* [Activity]
Within the entries below, output exactly the lines between the line containing "惠普(HP)打印机 78523dn/78528dn a3a4彩色激光双面网络复合机大型办公商用打印复印扫描一体机替78223dn" and the line containing "Abstract mountain landscape", inclusive, and omit any picture.

* [Extracted entries]
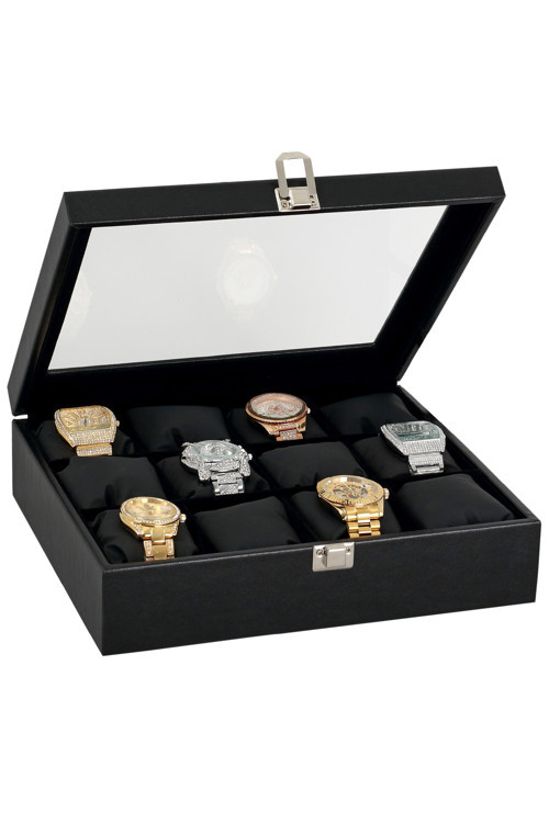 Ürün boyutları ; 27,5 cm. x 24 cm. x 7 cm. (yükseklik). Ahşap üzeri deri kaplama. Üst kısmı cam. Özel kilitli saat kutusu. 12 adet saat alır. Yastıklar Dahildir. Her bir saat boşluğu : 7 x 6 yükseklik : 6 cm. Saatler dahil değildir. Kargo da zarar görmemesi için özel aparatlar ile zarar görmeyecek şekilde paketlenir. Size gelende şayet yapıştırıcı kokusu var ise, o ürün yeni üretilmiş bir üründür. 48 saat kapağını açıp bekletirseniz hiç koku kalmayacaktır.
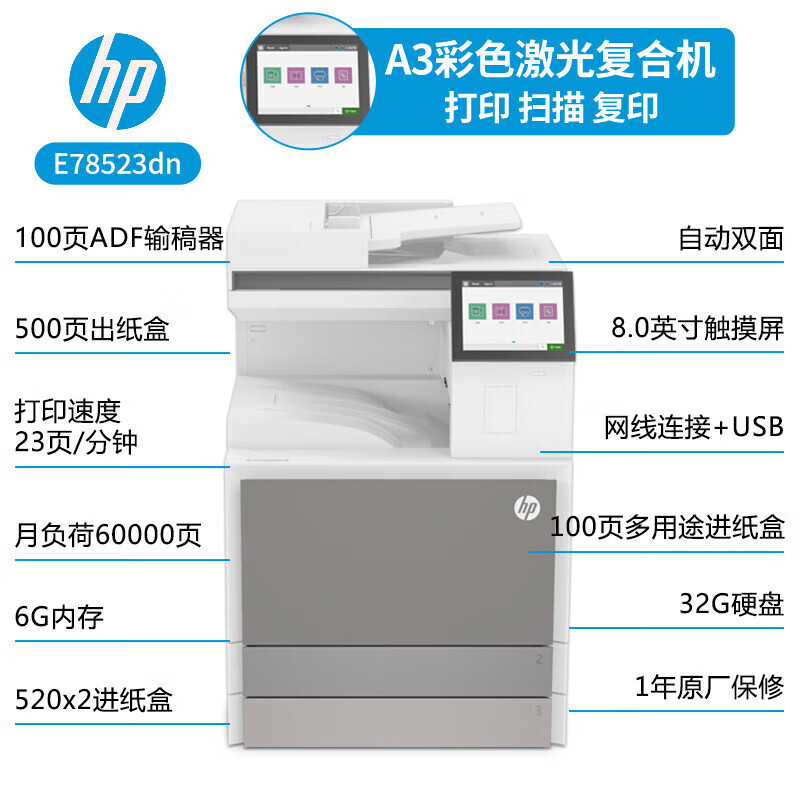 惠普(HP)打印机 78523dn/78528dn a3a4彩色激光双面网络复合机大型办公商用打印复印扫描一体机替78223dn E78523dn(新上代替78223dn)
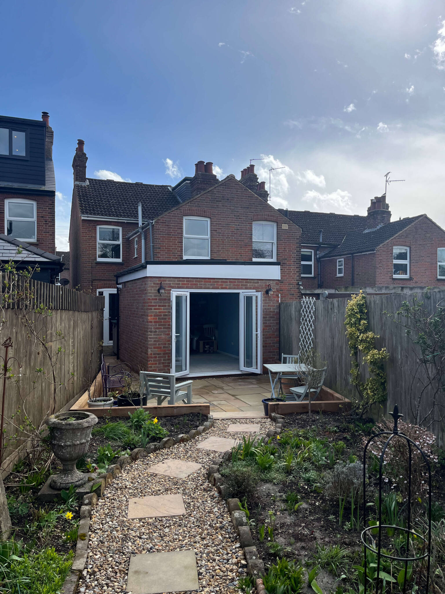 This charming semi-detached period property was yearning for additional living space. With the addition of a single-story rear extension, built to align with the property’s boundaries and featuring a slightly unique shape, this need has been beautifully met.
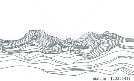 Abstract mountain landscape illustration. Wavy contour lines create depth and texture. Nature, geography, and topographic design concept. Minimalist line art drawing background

* * *

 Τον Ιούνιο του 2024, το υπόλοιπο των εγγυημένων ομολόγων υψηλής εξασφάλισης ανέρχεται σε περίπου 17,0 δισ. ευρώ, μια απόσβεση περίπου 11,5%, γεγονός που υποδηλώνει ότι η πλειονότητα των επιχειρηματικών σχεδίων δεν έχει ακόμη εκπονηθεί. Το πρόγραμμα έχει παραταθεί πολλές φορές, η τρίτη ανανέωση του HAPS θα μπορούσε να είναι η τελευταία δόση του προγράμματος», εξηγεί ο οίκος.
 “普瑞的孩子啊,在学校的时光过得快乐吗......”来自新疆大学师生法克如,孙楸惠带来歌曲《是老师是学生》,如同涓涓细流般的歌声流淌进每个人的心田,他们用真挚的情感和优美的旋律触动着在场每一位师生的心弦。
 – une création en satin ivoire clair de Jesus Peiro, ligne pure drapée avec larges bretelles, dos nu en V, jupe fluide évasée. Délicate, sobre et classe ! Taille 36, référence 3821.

...

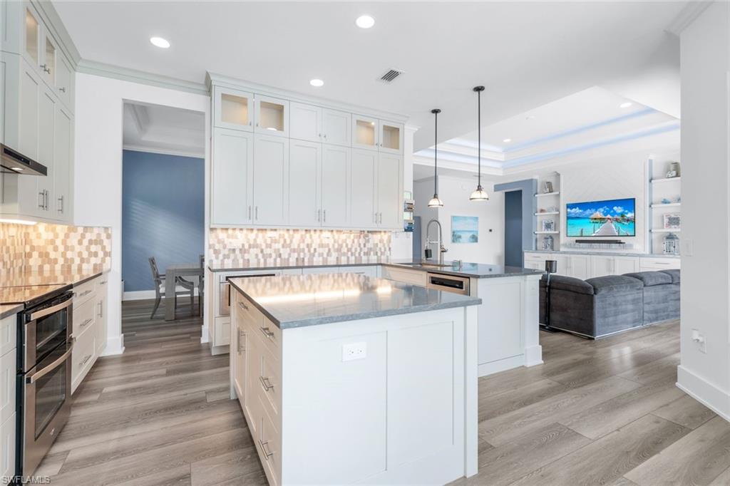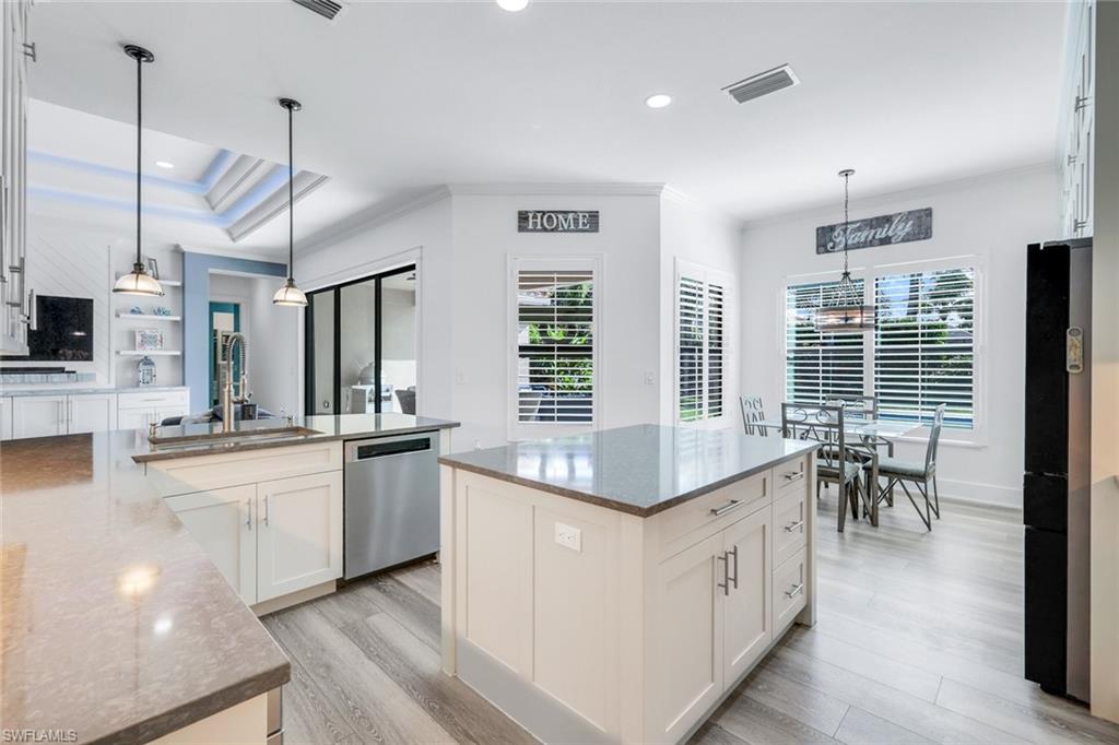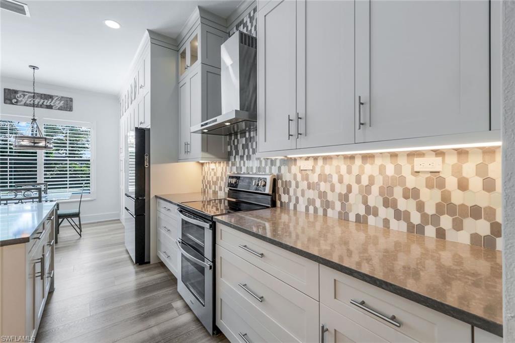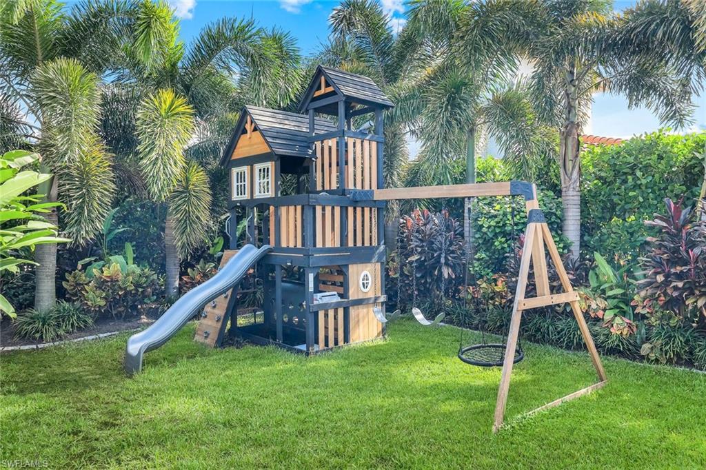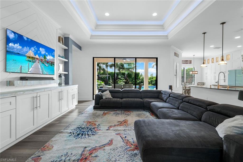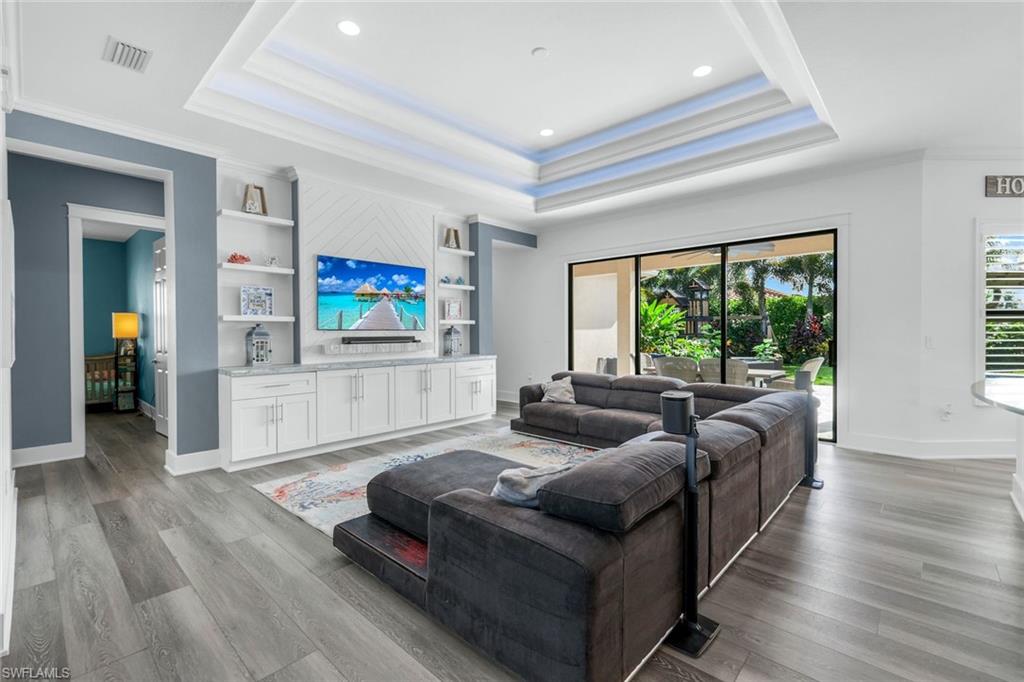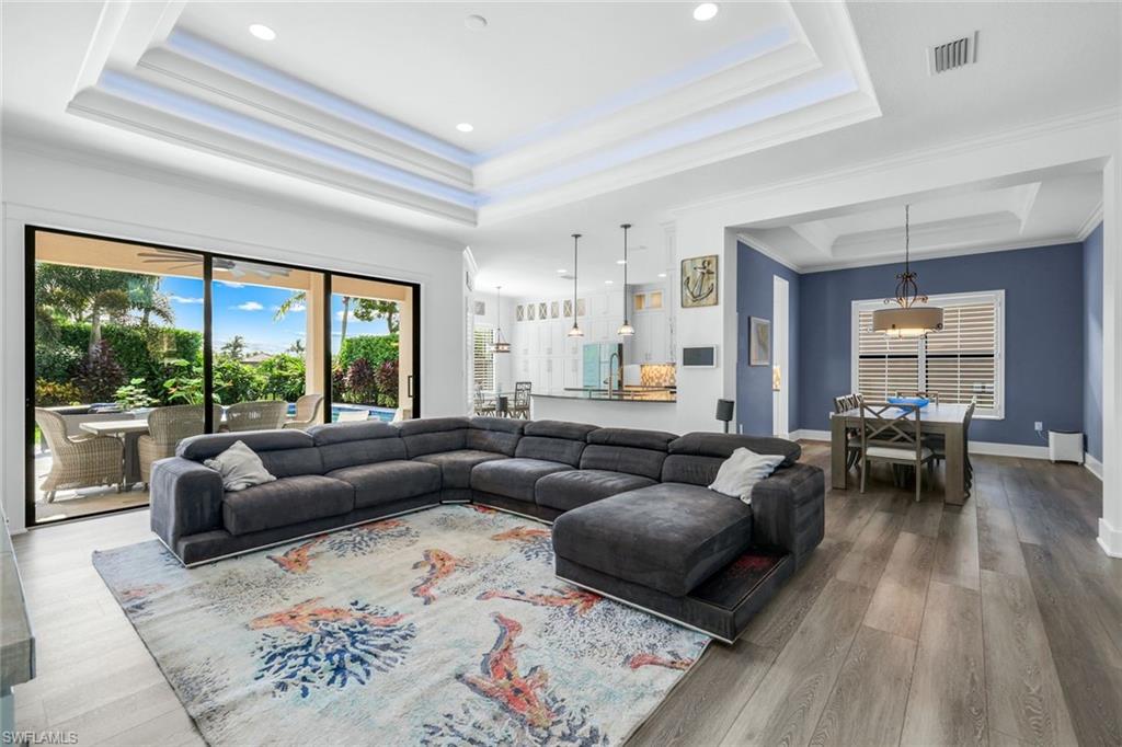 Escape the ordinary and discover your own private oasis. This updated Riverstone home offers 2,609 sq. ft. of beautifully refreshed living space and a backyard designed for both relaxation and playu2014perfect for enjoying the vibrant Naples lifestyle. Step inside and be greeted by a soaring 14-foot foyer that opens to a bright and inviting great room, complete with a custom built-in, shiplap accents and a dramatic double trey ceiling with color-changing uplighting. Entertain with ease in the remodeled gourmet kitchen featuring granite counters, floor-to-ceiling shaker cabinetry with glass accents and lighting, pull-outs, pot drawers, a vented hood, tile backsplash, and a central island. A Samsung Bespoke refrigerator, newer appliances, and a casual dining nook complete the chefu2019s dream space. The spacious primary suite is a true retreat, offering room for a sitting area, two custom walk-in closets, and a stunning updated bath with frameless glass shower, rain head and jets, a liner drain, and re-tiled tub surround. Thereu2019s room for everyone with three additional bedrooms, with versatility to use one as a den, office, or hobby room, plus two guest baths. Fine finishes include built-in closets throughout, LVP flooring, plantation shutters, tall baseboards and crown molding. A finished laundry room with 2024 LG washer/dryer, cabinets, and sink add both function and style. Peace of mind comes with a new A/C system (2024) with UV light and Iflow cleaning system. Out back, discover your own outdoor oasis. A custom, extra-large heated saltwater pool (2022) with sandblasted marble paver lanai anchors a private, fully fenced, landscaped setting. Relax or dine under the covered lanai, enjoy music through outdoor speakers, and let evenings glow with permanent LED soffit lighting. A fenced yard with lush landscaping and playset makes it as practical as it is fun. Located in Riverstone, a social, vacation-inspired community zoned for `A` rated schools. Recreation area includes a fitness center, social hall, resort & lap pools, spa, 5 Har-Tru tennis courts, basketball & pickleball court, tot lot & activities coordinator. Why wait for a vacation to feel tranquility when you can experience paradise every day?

* [Problem solution]
 惠普(HP)打印机 78523dn/78528dn a3a4彩色激光双面网络复合机大型办公商用打印复印扫描一体机替78223dn E78523dn(新上代替78223dn)
 This charming semi-detached period property was yearning for additional living space. With the addition of a single-story rear extension, built to align with the property’s boundaries and featuring a slightly unique shape, this need has been beautifully met.
 Abstract mountain landscape illustration. Wavy contour lines create depth and texture. Nature, geography, and topographic design concept. Minimalist line art drawing background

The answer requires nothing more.